BOOK REVIEW
Solzhenitsyn at Harvard. The Address, Twelve Early Responses, and Six Later Reflections, edited by Ronald Berman. Ethics and Public Policy Center, Washington, D.C., 1980, Second Printing, 1980. 143 pp., $9.50 cloth, $5.00 paper.
This book contains Alexandr Solzhenitsyn's June 1978 Harvard Commencement Address, and a well-balanced cross-section of essays by liberal, conservative, and politically non-descript critics. We recommend it highly to Christians engaged in the study or teaching of political science, world history, and the proper role of the news media.
The early, brief responses to the address are rather evenly divided between angry opponents (James Reston, Archibald MacLeish, editorials in the New York Times, Washington Post and others) and moderate endorsers (including Arthur Schiesinger, Jr., and the National Review). No critic speaks from an explicit Christian perspective. The strongest and most concise endorsement of Solzhenitsyn comes from George P. Will, the nationally syndicated newspaper columnist singled out by President-elect Reagan for a private visit and luncheon in November 1980. Among the hostile reactions, fury about Solzhenitsyn's sharp criticism of the American news media was most prominent, most to be expected, and, alas, most blind. To this reviewer, Solzhenitsyn's news media criticism was right on target in every respect.
The later reflections respond much more thoughtfully and fairly, even when disagreeing with Solzhenitsyn (none totally disagreed). The essay by Sidney Hook in defense of "democratic pluralism" over against Solzhenitsyn should be carefully studied by all who rightfully suspect such pluralism on Biblical Christian grounds. In another thought-provoking critique, "The Weightier Matters of the Law", Harvard Law School professor Harold J. Berman objects with some justification to Solzhenitsyn's sweeping critique of supposed Western "legalism."
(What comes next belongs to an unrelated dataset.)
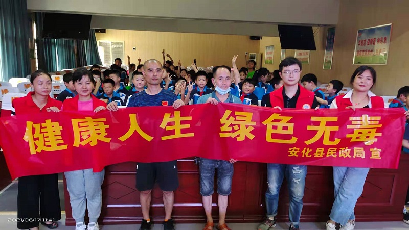 本网讯 为了迎接6月26日“国际禁毒日”,梅城镇完小进行了“远离毒品,多点联动”系列活动。安化县民政局、城东社区分别到学校组织禁毒宣传教育、禁毒教育进课堂活动,给同学们上了一堂堂精彩的禁毒教育课,受到了全体师生的热烈欢迎。教育课上,县民政局、城东社区禁毒工作人员通过多媒体的演示和深入浅出地讲解,将毒品的危害通俗易懂地表现在学生面前,使同学们充分认识到毒品及其危害性,提高学生的认知力和对毒品的防范能力。禁毒教育课上,一幅幅触目惊心的图片和精彩的讲解,让同学们神情凝重。同学们知晓了更多的毒品的危害,增强了学生对毒品防范意识。 学校还通过“小手拉大手”、禁毒手抄报等活动,将禁毒意识传到辖区每个人心中,让大家认识到毒品给人们带来的伤害和困难,远离毒品,健康生活。(通讯员:姚钢台 高永健)

In his own essentially pro-Solzhenitsyn essay editor Ronald Berman convincingly argues that Solzhenitsyn belongs to a long line of traditional Western thinkers beginning with St-Augustine and including "many of the convictions of The Federalist Papers," Edmund Burke, Dr. Samuel Johnson, Jonathan Swift, Joseph Conrad and T.S. Eliot. To these, George Will had added Thomas Aquinas, Richard Hooker, Pascal, Thomas More, Cicero, (surprisingly, Hegel), De Tocqueville, Henry Adams, Irving Babbitt, Paul Elmer More, Peter Viereck, "and others (who) constitute a submerged but continuous tradition that shares Solzhenitsyn's anxiety about American premises and the culture they produce." Several critics point out that Solzhenitsyn's address might easily fit the ''Puritan" Harvard of two hundred years ago. For instance, Arthur Schiesinger, Jr. introduces his essay with a statement by Samuel Langdon, President of Harvard in 1775, which strikingly anticipates Solzhenitsyn.
Other commentators correctly emphasize Solzhenitsyn's kinship with Russian Orthodox Christian thinkers such as Dostoevsky. Hence Solzhenitsyn emerges as the spokesman of a common (and not unilaterally "Western" or "Russian Orthodox") Christian position which is reminiscent of and entirely compatible with the "mere Christianity" of C.S. Lewis.
It is the beauty and worth of Solzhenitsyn's stirring address that it is a clarion call "a "trumpet giving a certain sound" so we Christians who listen to him may prepare ourselves for battle under God (I Corinthians 14:8). This, of course, was what Solzhenitsyn doubtless felt himself called to accomplish and this is what academic critiques of his address, however well balanced and fair, must perhaps inevitably obscure. Solzhenitsyn did not speak or mean to speak as an academic, but as a Christian prophet.